Re: [PATCH v2] bpf, sockmap: keep sk_msg copy state in sync
From: Han Guidong
Date: Tue May 19 2026 - 23:32:48 EST
On Wed, May 20, 2026 at 11:13 AM Jiayuan Chen <jiayuan.chen@xxxxxxxxx> wrote:
>
>
> On 5/17/26 8:16 PM, Zhang Cen wrote:
> > SK_MSG uses msg->sg.copy as per-scatterlist-entry provenance. Entries
> > with this bit set are copied before data/data_end are exposed to SK_MSG
> > BPF programs for direct packet access.
> >
> > bpf_msg_pull_data(), bpf_msg_push_data() and bpf_msg_pop_data() rewrite
> > the sk_msg scatterlist ring by collapsing, splitting and shifting
> > entries. These operations move msg->sg.data[] entries, but the parallel
> > copy bitmap can be left behind or stale in slots that no longer contain
> > the original entry. A copied entry can therefore later occupy a slot whose
> > copy bit is clear and be exposed as directly writable packet data.
> >
> > Keep msg->sg.copy synchronized with scatterlist entry moves, preserve the
> > copy bit when an entry is split, clear it when a helper replaces an entry
> > with a private page, and clear every slot vacated by pull-data
> > compaction.
> >
> > Fixes: 015632bb30da ("bpf: sk_msg program helper bpf_sk_msg_pull_data")

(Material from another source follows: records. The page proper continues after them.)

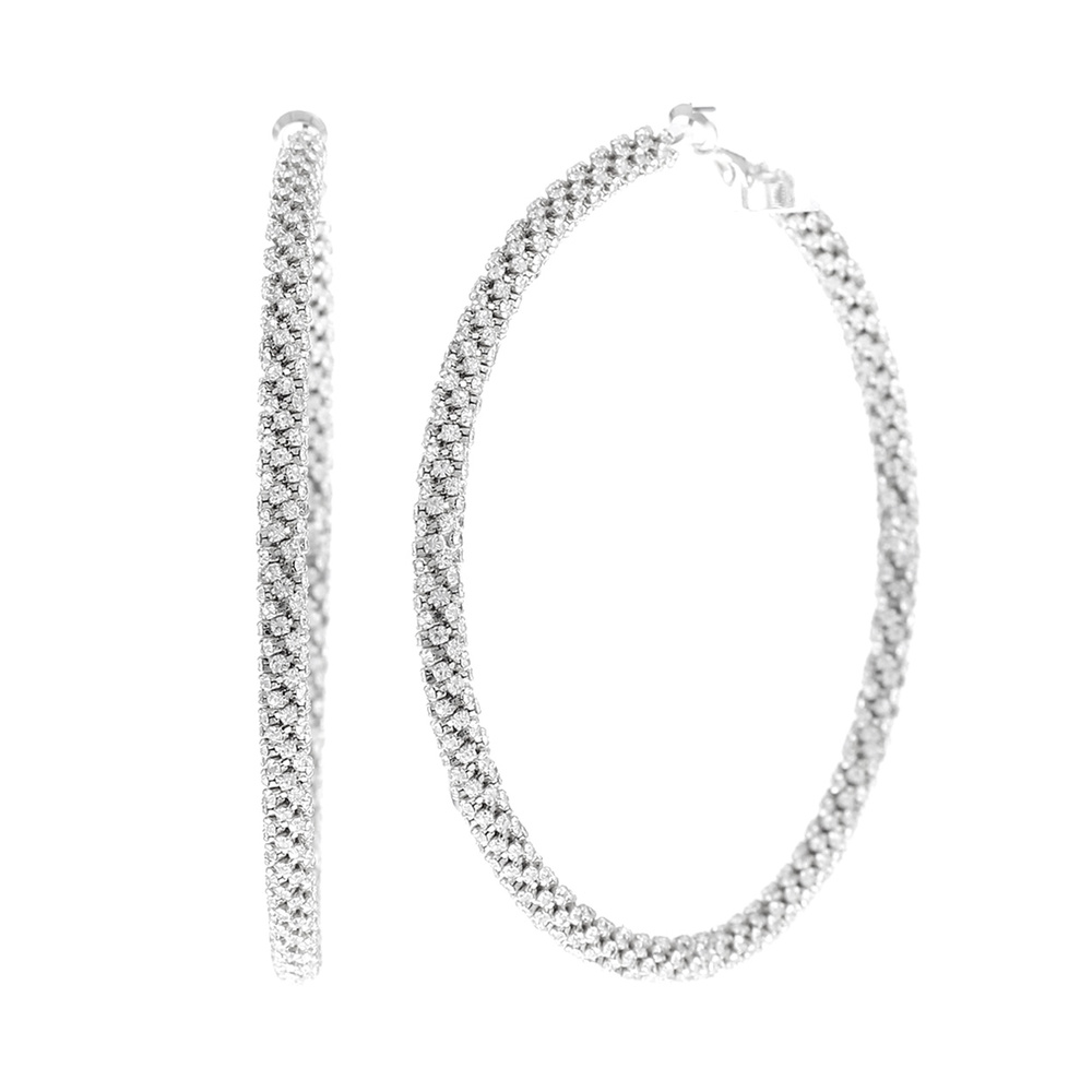 RHINESTONE PAVE TUBE HOOP EARRINGS WITH OMEGA BACK CLOSURE (80MM)
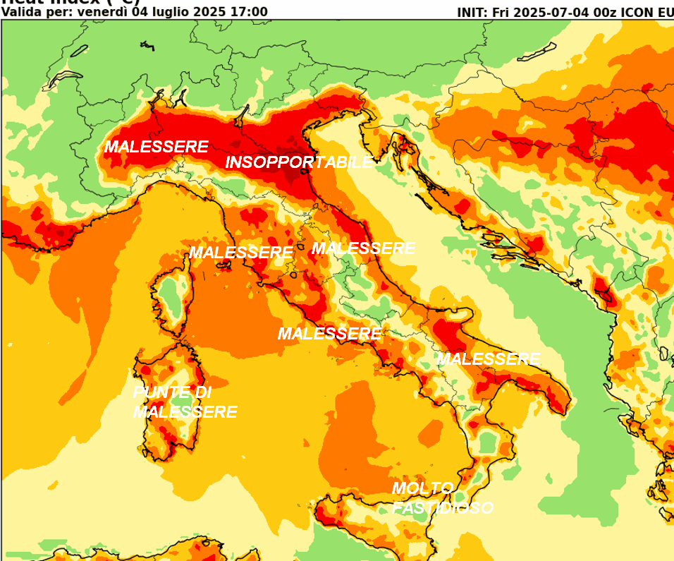 La giornata di VENERDI 4 LUGLIO sarà ancora da BOLLINO ROSSO su tutta l’Italia. Questo è l’INDICE di DISAGIO da CALDO atteso in Italia alle ore 16 della giornata in questione:
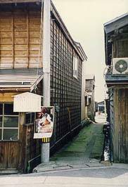 翁が出雲崎に宿したのは七夕も間近の七月四日(陽暦8月18日)のこと。左写真は、芭蕉が宿泊したと伝えられる「大崎屋」の跡。間口が狭く、奥行がいじょうに長い建物は、宿場としての歴史を感じさせます。
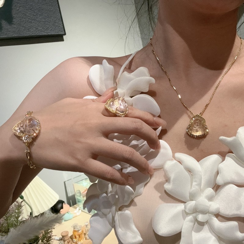 New Chinese Pink Crystal Maitreya Buddha Rose Stone Bracelet Design Sense All-match Fashion Trend Buddha Ring Necklace
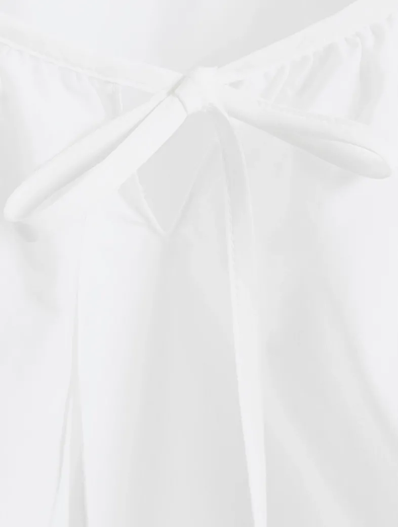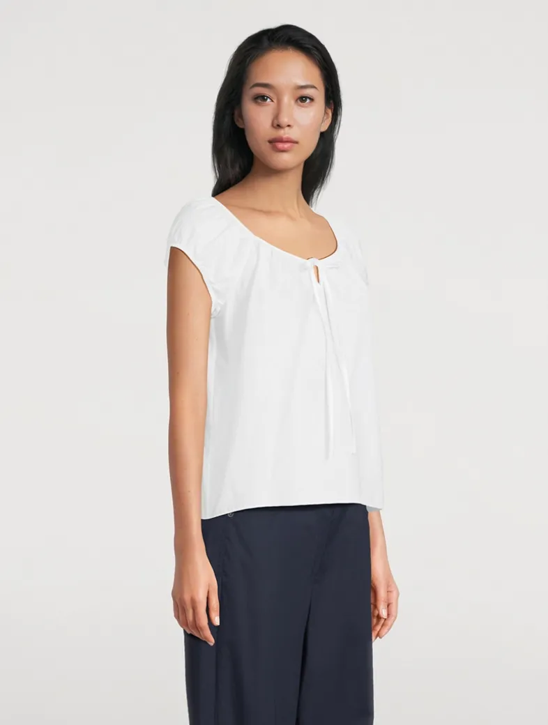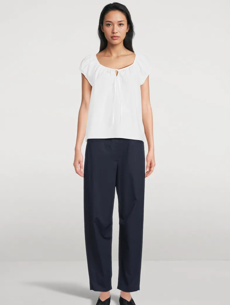 This lightweight blouse offers a comfortable, oversized fit with cap sleeves and tie accents at the scoop neckline. It’s crafted in a tumbled fabrication woven with a blend of cotton and recycled nylon by a leading Japanese mill.
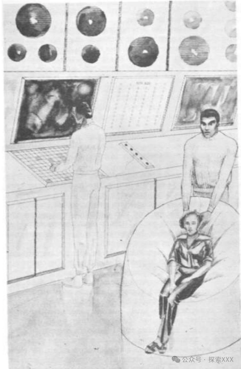 在这个房间里,有三个人,其中两个正在操作一个大型的设备,一个人站在另一台设备旁边,那个人就是卡兰。他站在那里,双臂交叉,看着这对夫妇。随后他们再次戴上头盔,又开始了对话。
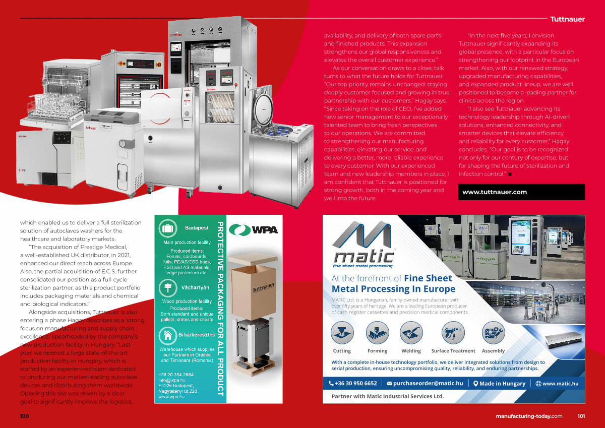 “ I also see Tuttnauer advancing its technology leadership through AI-driven solutions, enhanced connectivity, and smarter devices that elevate efficiency and reliability for every customer,” Hagay concludes.“ Our goal is to be recognized not only for our century of expertise, but for shaping the future of sterilization and infection control.” ■
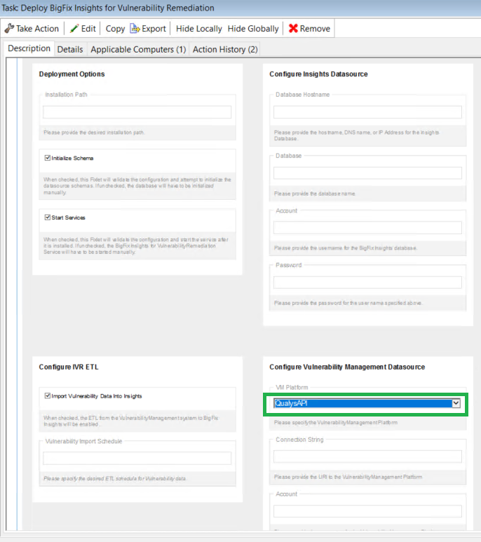 1. Click Deploy Insights for Vulnerability Remediation Fixlet in the BigFix Insights for Vulnerability Remediation external site.

> > Fixes: 6fff607e2f14 ("bpf: sk_msg program helper bpf_msg_push_data")
> > Fixes: 7246d8ed4dcc ("bpf: helper to pop data from messages")
> > Cc: stable@xxxxxxxxxxxxxxx
> > Co-developed-by: Han Guidong <2045gemini@xxxxxxxxx>
> > Signed-off-by: Han Guidong <2045gemini@xxxxxxxxx>
> > Signed-off-by: Zhang Cen <rollkingzzc@xxxxxxxxx>
> > ---
> > v2:
> > Sashiko-bot pointed out that bpf_msg_pull_data() could leave stale copy
> > bits on collapsed tail entries.
> >
> > Clear msg->sg.copy for every entry consumed by bpf_msg_pull_data()
> > before compacting the scatterlist ring.
> >
> > While researching recent page cache bugs, we discovered this bug.
> > We confirmed it allows overwriting the page cache of read-only files
> > via splice(). We haven't attempted to write an exploit, but the
> > corruption primitive is verified. PoC available upon request.
> > Recommend fixing ASAP.
>
> I think only "splice() + KTLS + sockmap" is vulnerable, right ?
>
> I digded a lot but didn't find any other combo.
>
> Actually the normal TCP/UDP with splice() will not go through sockmap
> (unsupported yet)
Hi Jiayuan,
Thanks for digging into this. Yes, our PoC exactly relies on the
splice() + KTLS + sockmap combo.
We haven't exhaustively audited all other potential paths, so we can't
say for sure if it's the absolutely only vulnerable combination, but
it is indeed the one we used and verified.
Thanks.